Bug `helped IBM’s Deep Blue defeat Garry Kasparov`

Fifteen years after Grand Master Garry Kasparov lost to an IBM supercomputer known as Deep Blue, one of its designers has revealed that the move was the result of a bug in its software.

The revelation was published in a book by statistician and New York Times journalist Nate Silver titled ‘The Signal and the Noise’ — and promptly highlighted by Ezra Klein of the Washington Post.

For his book, Silver interviewed Murray Campbell, one of the three IBM computer scientists who designed Deep Blue, and told him that the machine was unable to select a move and simply picked one at random.

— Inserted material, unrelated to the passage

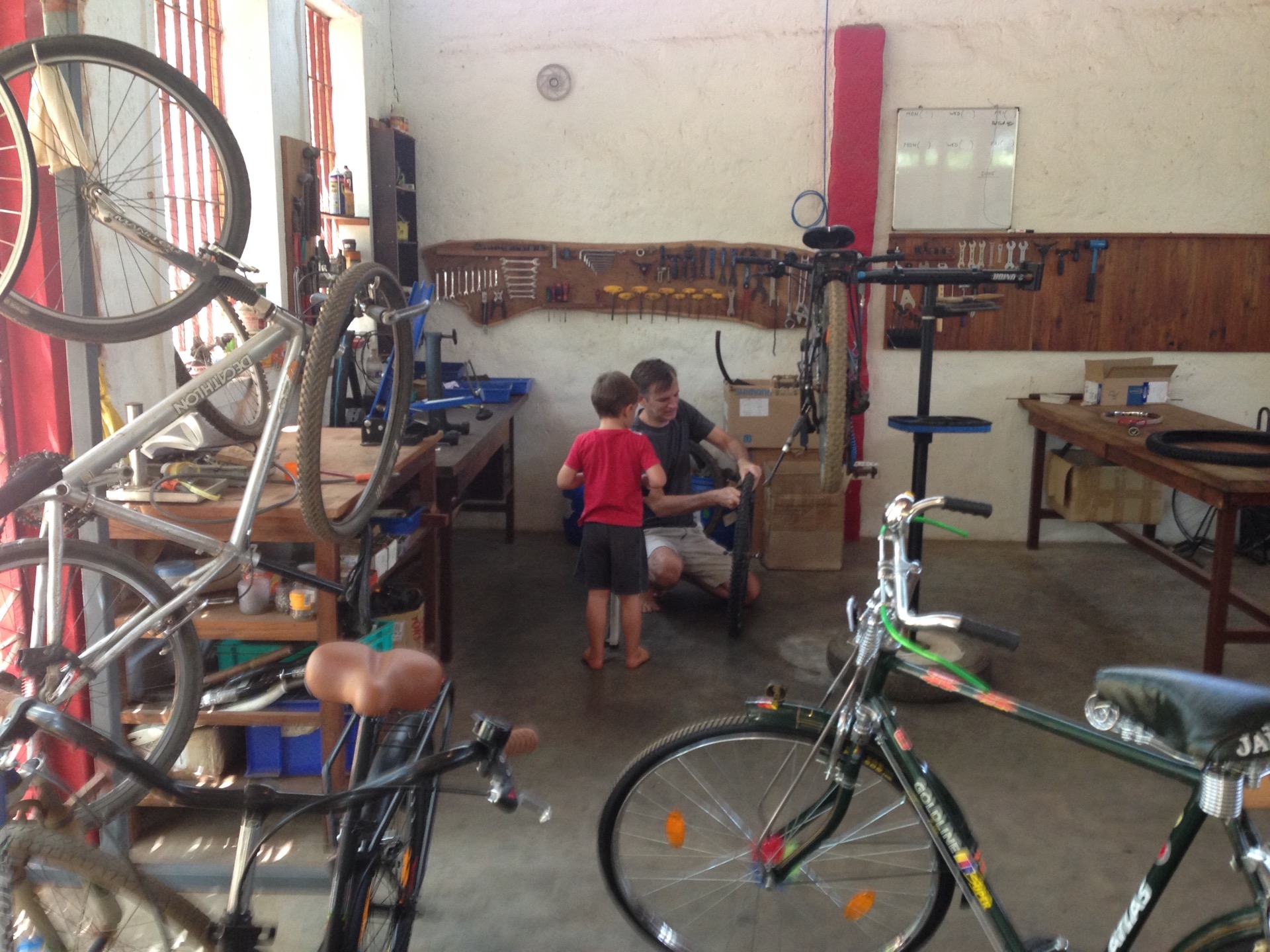 Posted on July 1, 2017 10:55 amJanuary 1, 2018 11:00 amAurovelo Milo aide Satchi a réparer les vélos pendant que Sienna joue au chat… Bref bonne matinée!

At the time, Deep Blue versus Kasparov was hailed as a seminal moment in the history of computer science — and lamented as a humiliating defeat for the human intellect. But it may have just been a lesson that as humans, we tend to blow things way out of proportion.

Many chess masters have long claimed that Kasparov was at a significant disadvantage during the match.

Deep Blue’s designers had the opportunity to tweak Deep Blue’s programming between matches to adapt to Kasparov’s style and strategy.

They also had access to the full history of his previous public matches.

Kasparov had no similar record of Big Blue’s performance.

Because the machine had been heavily modified since he had last played it, he was essentially going in blind.

That strange move was chalked up to these advantages.

The IBM team did tweak the algorithms between games, but part of what they were doing was fixing the bug that resulted in that unexpected move.

The machine made a mistake, then they made sure it wouldn’t do it again.

The irony is that the move had messed with Kasporav’s mind, and there was no one to fix this bug.

“Kasparov had concluded that the counterintuitive play must be a sign of superior intelligence,” Campbell told Silver.

“He had never considered that it was simply a bug,” he said.